I totally mean that.
There was definitely some puppy in there too. maybe some polar bear.
Really, this was a baby animal massacre.
It looks like a freaking baby hippo. Is that a...fang?
I had forgotten all about the "cow" story, I'm so glad you linked it. So, I guess Capt. Carl gets his sense of what an animal's "place" is from his dad. It was a valiant effort on your part, though, to give the fish a name. So, what's for dinner tomorrow night? Pasta a la Fred?
To bad they ate Fred before he could be on one of those "Monsters of the River" shows they have on TLC. Or is it Animal Planet? Oh, god I watch too much TV.
Holy shit. I won't ever go in any pond every again. That thing would eat me up!
Pools only, ladies...let's not lose our pretty toes to freaking mega-beast seal/puppy/hippo fish.
I was just thinking about Eric Bana, but those pics are a whole new breed of sexy.

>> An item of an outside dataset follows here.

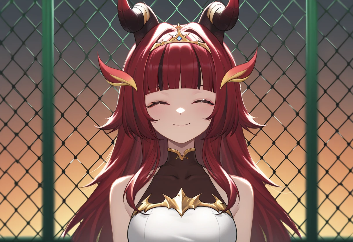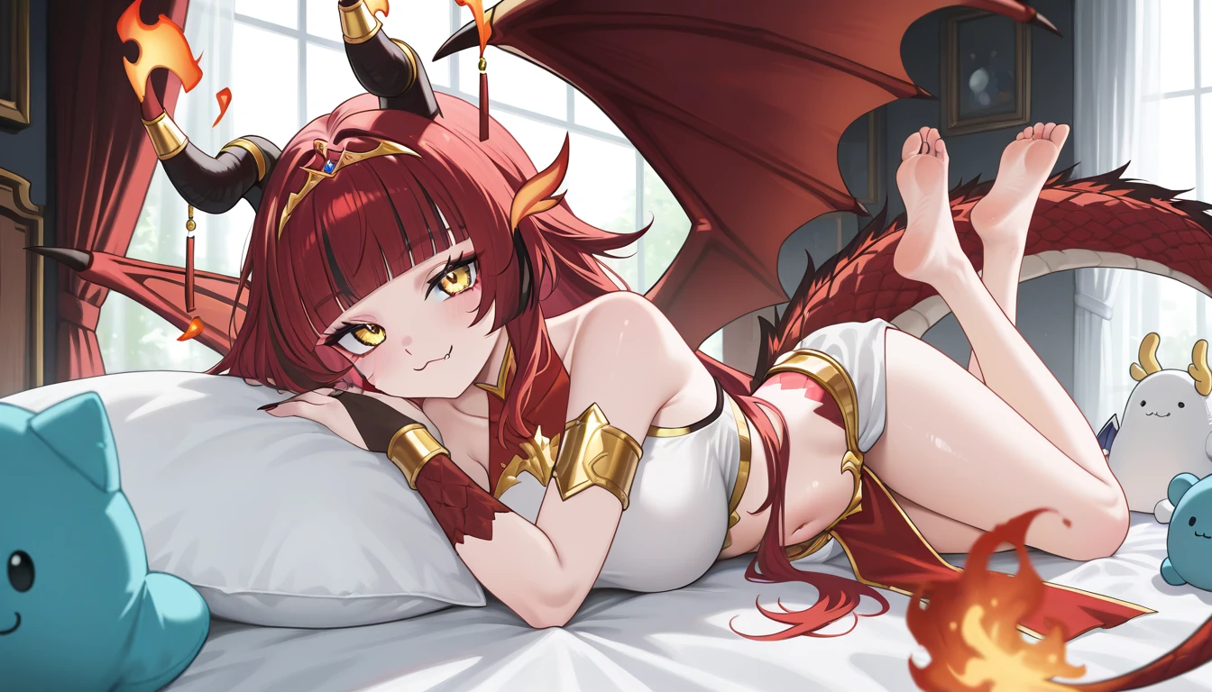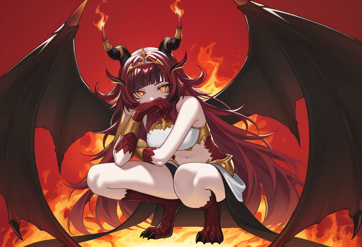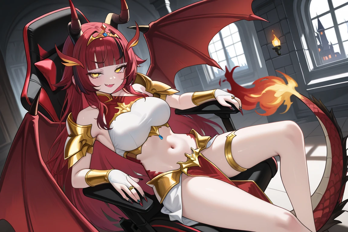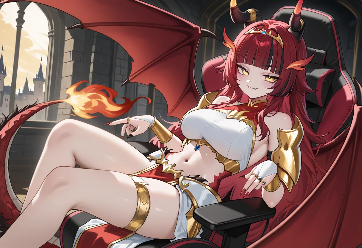alekirser, 1girl, solo, dragon girl, horns, dragon horns, horn ornament, wings, dragon wings, red hair, black hair, streaked hair, multicolored hair, very long hair, long hair, blunt bangs, yellow eyes, breasts, large breasts, navel, midriff, stomach, bare shoulders, thighs, fang, fang out, scales, pelvic curtain, crop top, sleeveless, bridal gauntlets, armlet, tiara, jewelry, gold trim
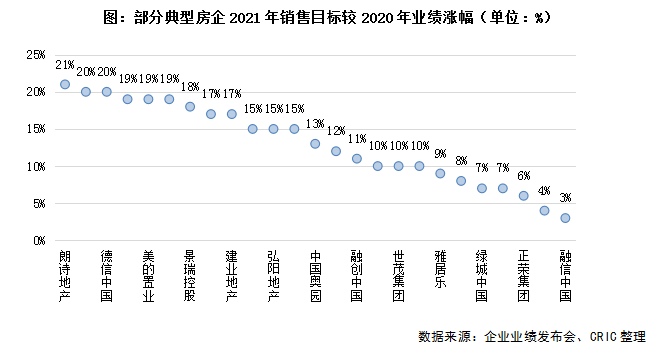 从近30家上市房企在业绩发布会披露的2021年销售目标来看,整体目标增幅有所放缓,近三成上市房企2021年的业绩目标预增低于10%,可以看出在杠杆红利消失后,企业发展以稳健、提质增效为主。

Jesus! It looks like it was trying to sprout legs! The Captain did us all a favor, can you imagine a world over-run by seal-fish walking around, slapping us with their fins and stinging us with their whisker things?!?!!?!?!?!?!
Well now you don't have to! (But I can't stop! HELP!)
It's things like Fred that make me give people the "are you fucking kidding me" look when they ask if I want to go to the lake.
fishnets are sexy
No one named Fred should be served with tartar sauce. That's just bad manners.
Do you have your strainer locked up in your room for 20 more days?
Fred is/was huge!! Way to go Capt. Carl!!
Word verification is: humas. I think that's hippie food and I don't think that's how you spell it!
Happy weekend, Miss Yyonne!
Jugs!!
ewww..how can people eat that thing?
The first picture looked like a baby dolphin and I was thinking Miss Yvonne would NOT go there would she? And then I thought yeah she just might go there so I covered my eyes with my hands so I could peek thru and continued on.
Although I was relieved it wasn't a dolphin, that catfish will haunt me forever and ever and ever.
I seriously thought it was a seal. I am pretty sure that is the same catfish that got away from me once. He looks DELICIOUS!
Wow. Poor baby seal fish. Now we know why they're endangered.
I think he caught the missing link.
*Shudders*
God I wish we could afford for our tenants to move out. *sigh*
The picture of baby seal fish Fred kinda looks like me trying to squeeze my fat leg into fishnet stockings.